> [Task instructions] Every line of the data below is to be duplicated exactly, pictures excepted.

> [Available data]
====

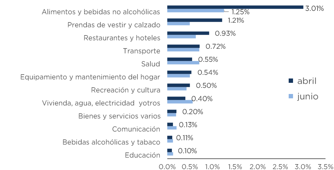
Incidencia por división: abril vs junio
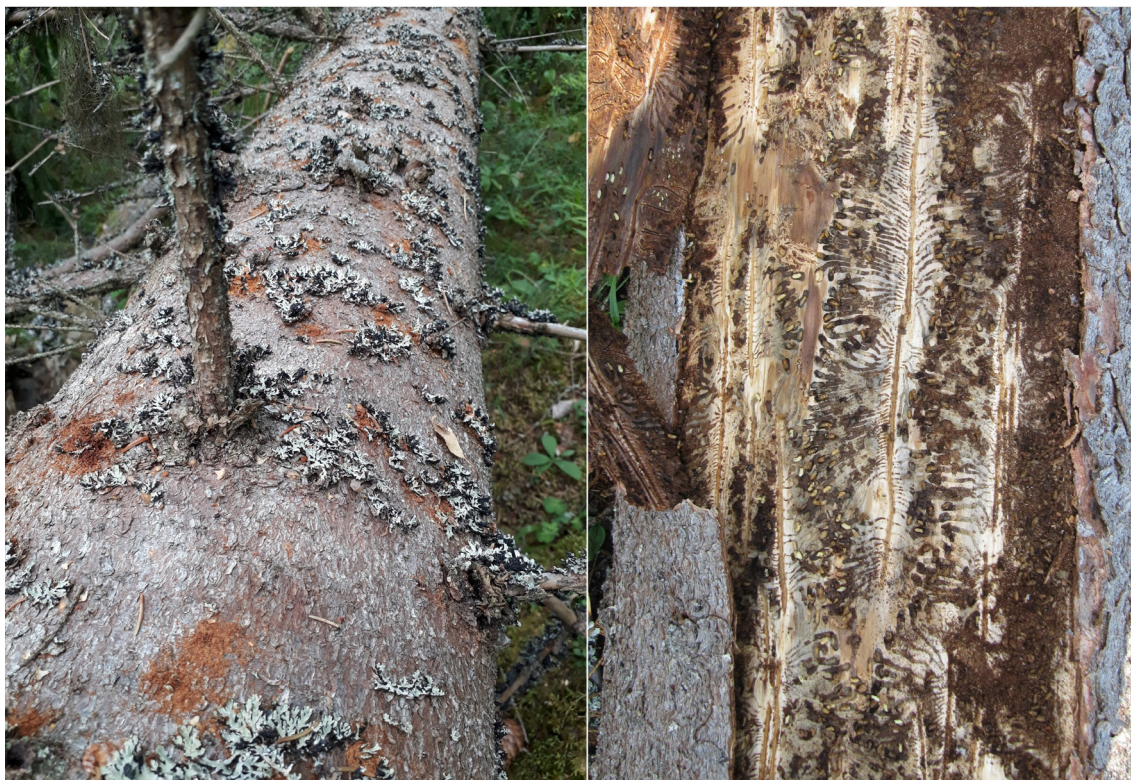
Kuva 1. Vasemmalla tuulenskaatama kuusi, jonka kimppuun kirjanpainajat ovat hyökänneet. Purukasat paljastavat, mistä aikuiset kuoriaiset ovat kaivautuneet rungon sisään lisääntymään. Oikealla elämää kaarnan alla: kirjanpainajan syömäjälkeä ja siitä erkanevia toukkakäyviä toukkineen.

Kun tuuli kaataa ison määrän kuusia, kirjanpainajat pystyvät lisääntymään näissä rungoissa ja sitä kautta kasvattamaan lukumääränsä niin suureksi, että myös terveiden puiden tappaminen onnistuu. Tämän jälkeen – jos sääolosuhteet ovat suotuisat – ne voivat itse ylläpitää tuhosykliään, koska niitä on tarpeeksi suuri määrä voittamaan myös terveiden puiden pihkapuolustuksen. Sääolosuhteiden vaikutus on Suomessa onneksi tässä suhteessa metsänomistajalle suotuisa: esimerkiksi vuoden 2017 kaltainen kylmä ja sateinen kesä katkaisi tehokkaasti kirjanpainajien parveilun. Tämänkaltaiset sääolosuhteet rajoittavat kannan kasvua riippumatta kannan senhetkisestä tasosta. Laaja-alaisten tuhojen syntyminen vaatisi suurten myrskytuhojen (vrt. esim. Gudrun (Ruotsi) 2005 tai Kyrill (Keski-Eurooppa) 2007) lisäksi myös useamman peräkkäisen sellaisen vuoden, jona sääolosuhteet olisivat kirjanpainajalle suotuisat: kuumaa ja vähäsateista. Tuulituhojen roolia kirjanpainajatuhojen laukaisevana tekijänä kylmä sää ei silti poista: syystalvellakin kaatuneet

====

> [Output for this task]
Incidencia por división: abril vs junio
Kuva 1. Vasemmalla tuulenskaatama kuusi, jonka kimppuun kirjanpainajat ovat hyökänneet. Purukasat paljastavat, mistä aikuiset kuoriaiset ovat kaivautuneet rungon sisään lisääntymään. Oikealla elämää kaarnan alla: kirjanpainajan syömäjälkeä ja siitä erkanevia toukkakäyviä toukkineen.

Kun tuuli kaataa ison määrän kuusia, kirjanpainajat pystyvät lisääntymään näissä rungoissa ja sitä kautta kasvattamaan lukumääränsä niin suureksi, että myös terveiden puiden tappaminen onnistuu. Tämän jälkeen – jos sääolosuhteet ovat suotuisat – ne voivat itse ylläpitää tuhosykliään, koska niitä on tarpeeksi suuri määrä voittamaan myös terveiden puiden pihkapuolustuksen. Sääolosuhteiden vaikutus on Suomessa onneksi tässä suhteessa metsänomistajalle suotuisa: esimerkiksi vuoden 2017 kaltainen kylmä ja sateinen kesä katkaisi tehokkaasti kirjanpainajien parveilun. Tämänkaltaiset sääolosuhteet rajoittavat kannan kasvua riippumatta kannan senhetkisestä tasosta. Laaja-alaisten tuhojen syntyminen vaatisi suurten myrskytuhojen (vrt. esim. Gudrun (Ruotsi) 2005 tai Kyrill (Keski-Eurooppa) 2007) lisäksi myös useamman peräkkäisen sellaisen vuoden, jona sääolosuhteet olisivat kirjanpainajalle suotuisat: kuumaa ja vähäsateista. Tuulituhojen roolia kirjanpainajatuhojen laukaisevana tekijänä kylmä sää ei silti poista: syystalvellakin kaatuneet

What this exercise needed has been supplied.